Live at the Ryman

On Life and Love After 50 eNewsletter

By Tom P. Blake – columnist

August 26, 2022

 LIVE AT THE RYMAN

Man In Black by Johnny Cash autographed to Tom Blake on Aug 15, 1975

In September 2019, when Ken Burns’ eight-part film series “Country Music” premiered on PBS, my partner Greta and I watched the series in two-hour segments. We loved it. After that, we started watching more country music programs on YouTube.

This Monday night, I turned on YouTube music while working on a Sudoku puzzle before going to sleep. YouTube music often presents us with a choice of country music selections based on our previous viewings.

I noticed Monday that “Country Music. Live at the Ryman,” was on and featured many of my favorite country music stars. I thought perhaps it was a segment from the 2019 “Country Music” series, but it wasn’t. It was a two-hour show, also produced by Ken Burns, that promoted the release of the upcoming 16-hour “Country Music” series.

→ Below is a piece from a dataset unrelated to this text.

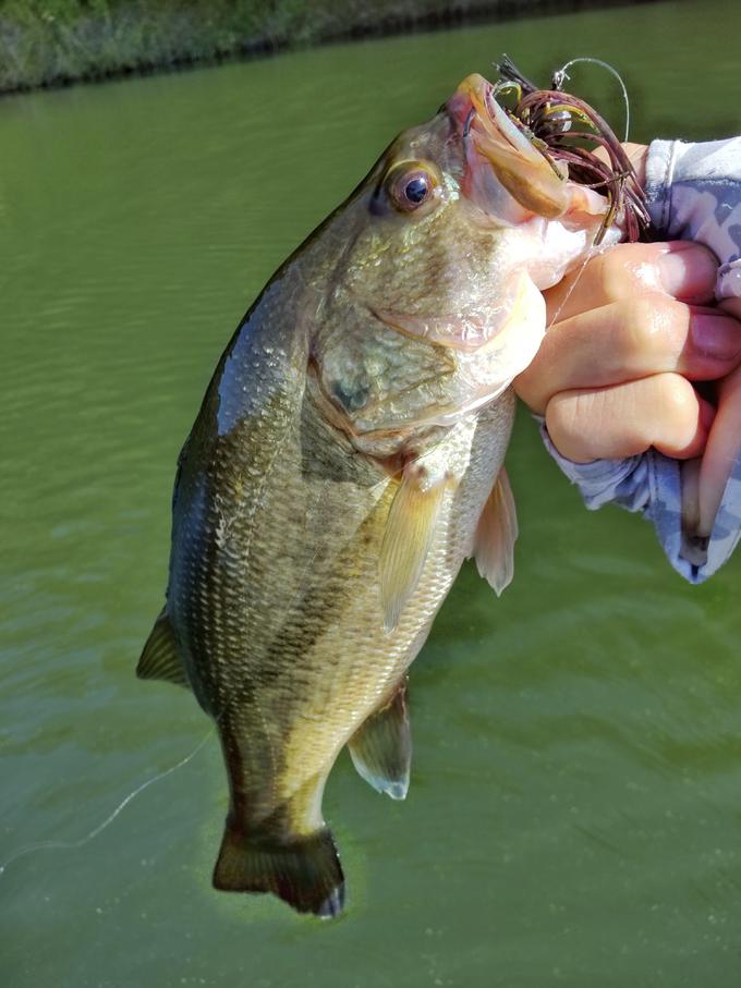 前回、ヘビキャロ、リーダーレスダウンショットなど、ボトムのズル引きで対する反応が良かったので、昨日はその復習を兼ねて津久井湖へ出撃! 今回、ズル引きでメインに使ったのはラバージグ。 ヘビキャロやリーダーレスダウンショットに比べサイズが選べるのでは?という理由からです。 また、フットボールタイプでボトムをズル引くと沈んだ落ち葉や枝などが絡むことが多いので、アーキータイプのコブラジグをチョイス。 ボトムの感知能力はフットボールタイプに比べると劣る感じはありますが、これはコレでありですね。 で、結果はというとブレイクをダウンヒルでゆっくりズルズルやってると時々“コンッ”っと明確なバイトはあるのですが、それで終わってしまいフッキングまでいたらず。 念のためヘビキャロ、リーダーレスダウンショットなども試したのですが。。。 結局ラバージグでキャッチできたのは1本のみで、今回の状況には合っていなかった様ですね。 その他としては津久井観光横のカバーからいつものカバーネコで33㎝絞り出しただけで、今回は完全に外した感じですね。 でも、ラバージグについては何か役に立つ予感がするので、懲りずにもう少しチャレンジしてみます。

“Live at the Ryman” was released in March 2019 and filmed at Nashville’s historic Ryman Auditorium, which was home to the Grand Ole Opry for 31 years until the Opry was relocated a few miles away in March 1974. Greta and I took a tour of the Ryman in 2017.

That Ryman tour touched me deeply as my friends Johnny and June Carter Cash, on March 15, 1974, sang the final Opry song at the Ryman, which was “Will the Circle Be Unbroken.” (Made popular by the Carter Family and others).

Many of you know that I worked with Johnny in 1975 and 1976 when I was the director of Marketing for the Victoria Station Restaurant Chain (restaurants were built of boxcars and cabooses–Johnny loved trains). Johnny agreed to do our radio commercials.

On the night that his band recorded the music for our commercials at the House of Cash recording studio in Hendersonville, Tenn., Johnny invited some of his friends to play along with the band. Band members included Carl Perkins (Blue Suede Shoes), Larry Gatlin of the Gatlin Brothers, Earl “Pool” Ball (piano), W.S. Holland (drums), and Marshall Grant (bass). I think Marty Stuart and Rodney Crowell were there as well. I got to meet them all.

While watching “Live at the Ryman” on Monday night, I started to feel a little nostalgic. Especially when Larry Gatlin sang my favorite Johnny Cash song, “Sunday Morning Coming Down (written by Kris Kristofferson). Once, at the Sahara Resort in Lake Tahoe, Johnny asked me before the show what my favorite song of his was. He opened the show by dedicating that song to me before an audience of 2,000 people.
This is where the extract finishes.